Reminding me of teaching in Cambridge. I lived 12 miles out and there was a bit of road through a gulley that the snowplough used to take several tries to clear. On more than one occasion I got in nonetheless by driving a longer route where it got me on to a quickly cleared A road in. Students had been told not to bother because I would not get in. The city was functioning more or less normally and most had a five minute walk at worst. OK, a few from the outskirts digs might have been excused. First time, OK, second I was disgruntled: we had to reschedule and all that but not get paid for making the effort since regulations said teaching must be completed to be paid.
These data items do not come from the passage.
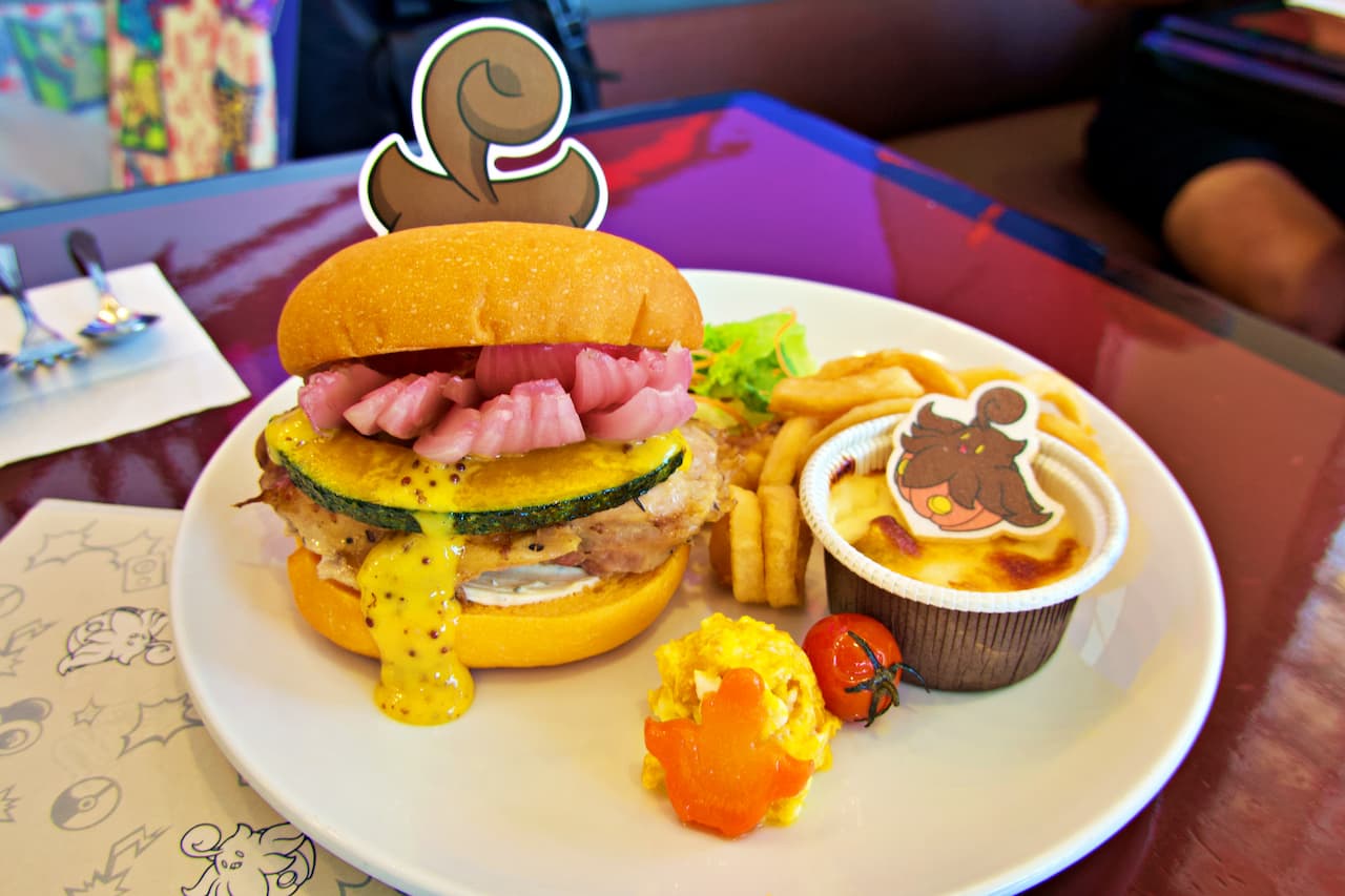 オレンジ色のランタンポケモン・バケッチャが主役の「バケッチャのまんまるチキンベーグルサンドプレート」は、ジューシーなハーブチキンとレッドオニオンをカボチャ色のベーグルでサンド。マスタードがアクセントになった秋らしい味わいです。
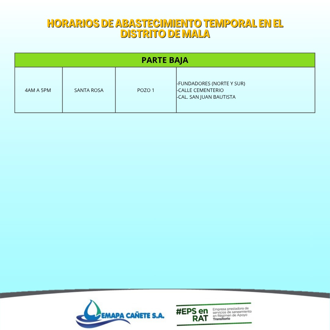 HORARIOS DE SECTORIZACIÓN TEMPORALPARA EL DISTRITO DE MALA DEL 8 DE NOVIEMBRE AL 30 DE DICIEMBRE
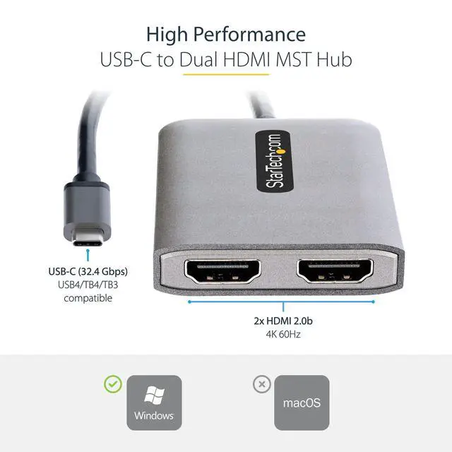 Windows devices that support DP Alt Mode over USB-C feature native support for MST. This USB-C to HDMI hub is compatible with Thunderbolt 4, Thunderbolt 3, and USB4 enabled Windows devices.
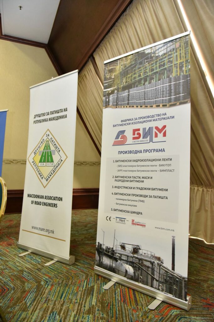 На 17 Мај 2019 година во хотел Холидеј Ин, Друштвото за патишта на Македонија во соработка со Јавното претпријатие за државни патишта на РМ, поддржани од Универзитетот Свети Кирил и Методиј во Скопје и Градежниот факултет при УКИМ, одржаа Презентација на меѓународниот научен проект: ,,ПРИМЕНА НА ПМБ ВО НОСЕЧКИТЕ АСФАЛТИ СЛОЕВИ НА КОЛОВОЗНАТА КОНСТРУКЦИЈА КАЈ ПАТИШТАТА СО ТЕШКО СООБРАЌАЈНО ОПТОВАРУВАЊЕ И АВТОПАТИШТА.,, Покрај домашните компании БИМ а.д. Свети Николе и ГД Гранит а.д. Скопје, во проектот учествуваше американската компанија DOW и Чешкиот технички универзитет во Прага. На Презентацијата присуствуваа 150 стручни лица од домашни и странски компании од областа на патиштата. Свое обраќање до присутните имаа Претседателот на ДПМ В. Проф. д-р Горан Мијоски, Раководителот на ДАУ за пазарите на Европа, Блиски исток и Африка д-р инж. Петко Крстев, Деканот на Градежен факултет – Скопје Проф. д-р Дарко Мославац, Ректорот на Универзитетот „Св. Кирил и Методиј“ – Скопје Проф. д-р Никола Јанкуловски, Директорот на ЈПДП Г-дин Зоран Китанов, дипл. Правник, Министерот за транспорт и врски во Владата на РС Македонија г-дин Горан Сугарески, а свои теми со презентации во врска со меѓународниот научен проект имаа Џозеф Хамачек (Регионален претставник на ЦИЕ Инфраструктура, ДАУ Европа): Различни технологии за модификација на битумен, В. Проф. д-р Отокар Вацин (Чешки технички Универзитет – Прага и Глобален претставник за апликативни технологии на ДАУ Европа): Полимер модифицирани битумени со еластомерни тер полимери и нивни мешавини со други полимери, д-р инж. Петко Крстев (Менаџер за развој на ЕМЕА инфраструктура, ДАУ Европа): Споредба на различни асфалтни мешавини со ПмБ вградени на експерименталната делница од автопатот А1 и В. Проф. д-р Горан Мијоски (Градежен факултет – Скопје): Презентација на резултатите од испитувањата на површинските карактеристики на коловозот.
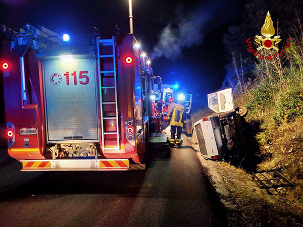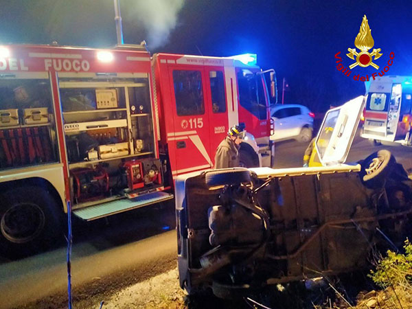 I Vigili del Fuoco giunti sul posto hanno trovato una vettura che era uscita fuori dalla sede stradale e poggiata su di un fianco.
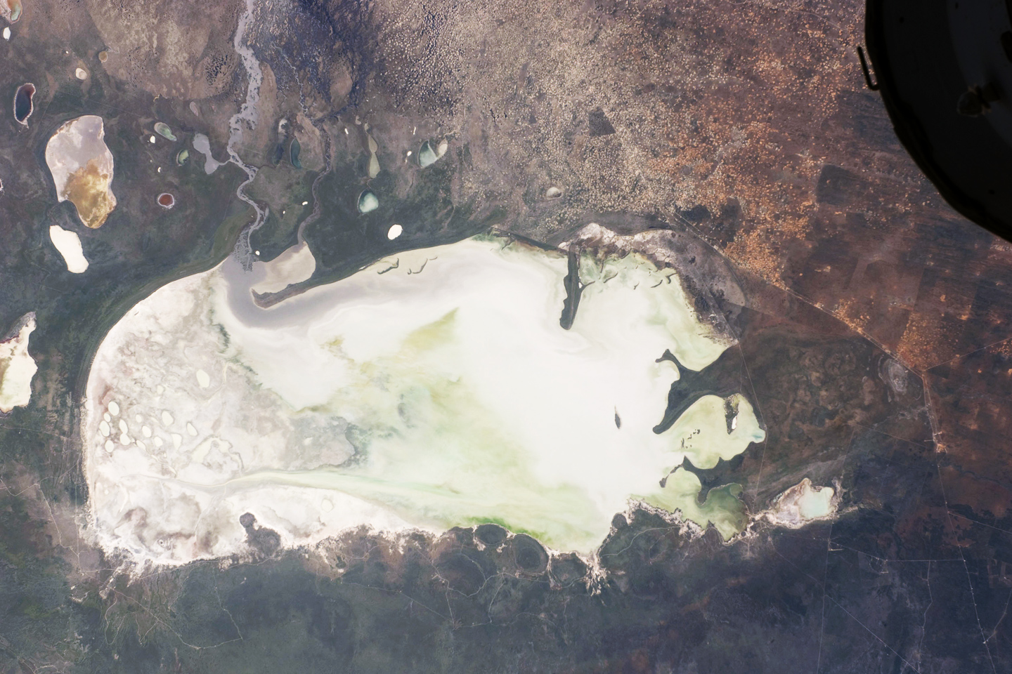This International Space Station image from March 26, 2009, shows Namibia’s Etosha Pan, which is a large, dry lake about 130 kilometers long. The lake dominates Namibia’s Etosha National Park (the sharp edge of the park fence can be seen at image right). Small, related dry lake beds appear as bright shapes at top left, and a portion of the International Space Station appears at image top right.
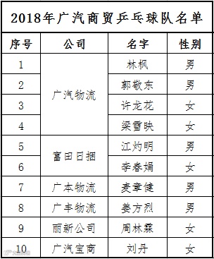 组成2018年广汽商贸乒乓球队
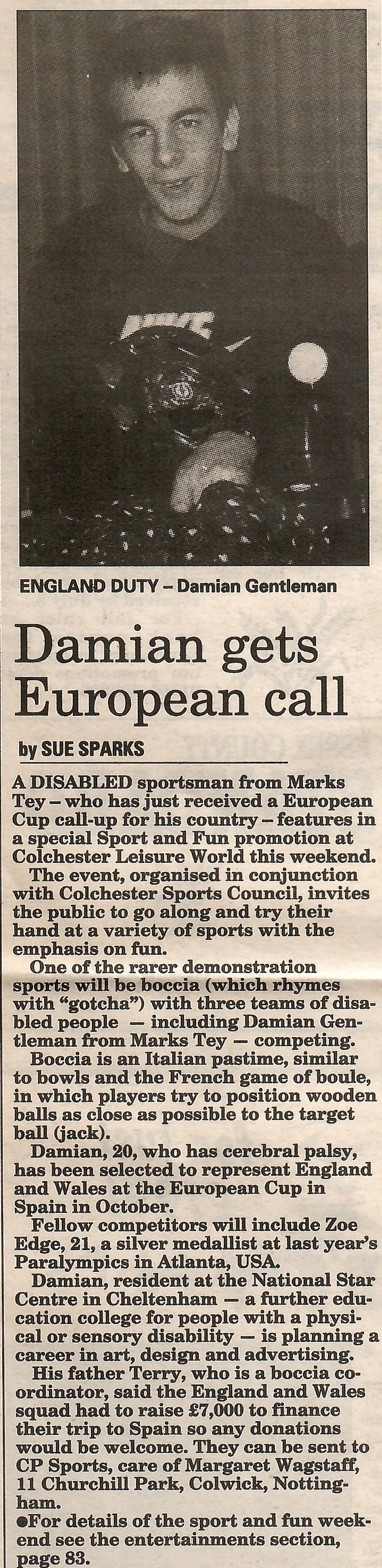 Newspaper photograph and report regarding Damian Gentleman competing in the European Cup for Boccia.
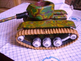 Всем доброго времени суток! вот нашел свой старый танк,сделанный моим отцом лет 10 назад))) танк сделан из дерева, местами металла. гусиницы сделаны из обычного жгута которого можно купить в аптеке) катки были сделаны на заказ у знакомых. конечно это не стендовая модель но вот решил просто выставить творение отца) на его счету в принципе много еще деревянных игрушек вырезанных из дерева для меня в детстве для игр) это такие игрушки как: поезда,солдатики,машинки,корабли) вот но нашлось только это)
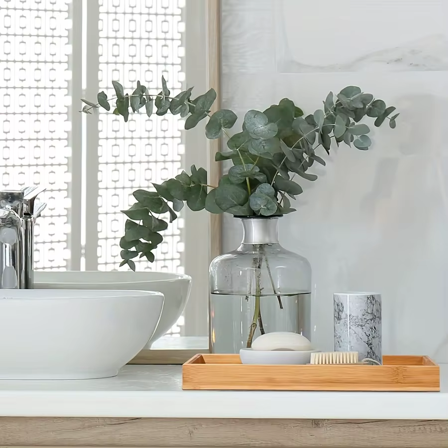 Fabricada em bambu ecológico e resistente, essa bandeja une praticidade e beleza em um design minimalista. Seja para organizar cosméticos e acessórios no banheiro, servir petiscos e bebidas com charme ou decorar sua casa com um toque moderno e natural, ela é a escolha perfeita.
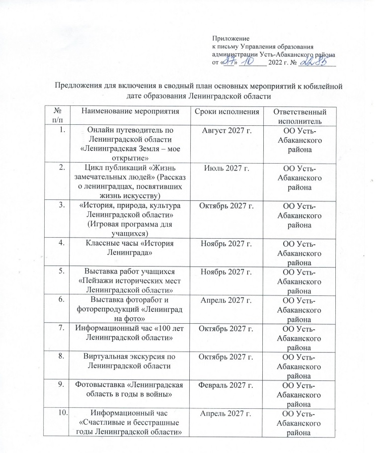 Во исполнение Указа Президента Российской Федерации от 08 августа 2022 года № 527 «О праздновании 100-летия образования Ленинградской области» в 2027 году Управление образования администрации Усть-Абаканского района разработали предложения в сводный план
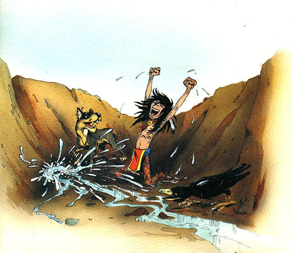 Теперь они втроем бродили по раскаленной пустыне, осматривали каждое растеньице. Три долгих дня они провели в поисках, но целебную траву так и не нашли. Силы постепенно оставляли Лосиное Сердце, и наконец он устало опустился на землю. Большая черная птица села ему на плечо и обмахивала его своими широкими крыльями. Степной волк охранял его от ядовитых змей. И Лосиному Сердцу приснился удивительный сон: Росянка явилась ему бледная и худая, но прекрасная. Она тихо напевала песню, звучавшую подобно журчанию ручья. Затем она исчезла, и он увидел широкую прозрачную речку и услышал
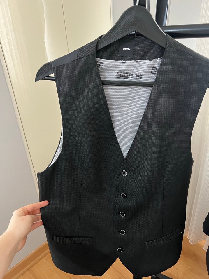 Düğmeli, siyah renkli, yakalı ve kolsuz erkek yelek. Sentetik kumaştan, normal kesim ve midi boyda, ofis ve sokak stili için uygun.
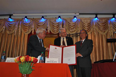 Westminster (Vân Giang) -Thượng-Nghị-Sĩ Tiểu Bang Virginia Ông Dick Black đã đến Quận Cam vào các ngày 29 và 30 tháng 3 năm 2014 để tham dự ngày vinh danh Việt Nam Cộng Hòa theo Nghị Quyết J.R 455 của Lưỡng Viện Quốc Hội Tiểu Bang Virginia, cùng đi với ông có Giáo Sư Nguyễn Ngọc Bích thuộc Nghị Hội Toàn Quốc Người Việt tại Hoa kỳ, đồng thời ông cũng là Chủ Tịch Ủy Ban Lâm Thời VNCH, một tổ-chức được thành-lập vào tháng 10 năm 2010 nhằm phục hồi danh dự cho Miền Nam tự do và các chiến sĩ đã chiến đấu dưới màu cờ vàng ba sọc đỏ.

So I complained and my teaching was never cancelled again, but lecturers living 10 minutes away on their bikes cancelled. So I called in the assessor! I was angry because somebody had taken a lecture room key home and not come in and the secretaries saw I had all students with me but no room and nowhere to go. So the assessor came over from the Senate House and reco'd I be paid and the defaulting lecturer have that hour stopped from his salary! Cambridge can be so medieval and that is such a part of those archaic regulations that gave me so much fun but also it was done in front of the students which meant that the bloke taking advantage was going to get it back...

Have a good one... buona giornata..

Success - I'm grinning and giggling, thank you Catharine. just popped head out of door to see thermometer... -12.5° here this morning, youngest sitting on his potty in front of the tele, eldest still asleep, OH has to leave for work in 5 minutes, so it's over to me to get the rest of us fed, watered, dressed and off to school and nounou on time before I venture off to the IUT in Figeac and possibly an empty classroom for the second day running, which I'll be more than happy about as they normally pay me if I've managed to get in and I'm there to give lessons ;-)

no puppy peepee on the floor, amthough we've had our moments of cat crap, and I won't be lighting the fire until I get in this evening.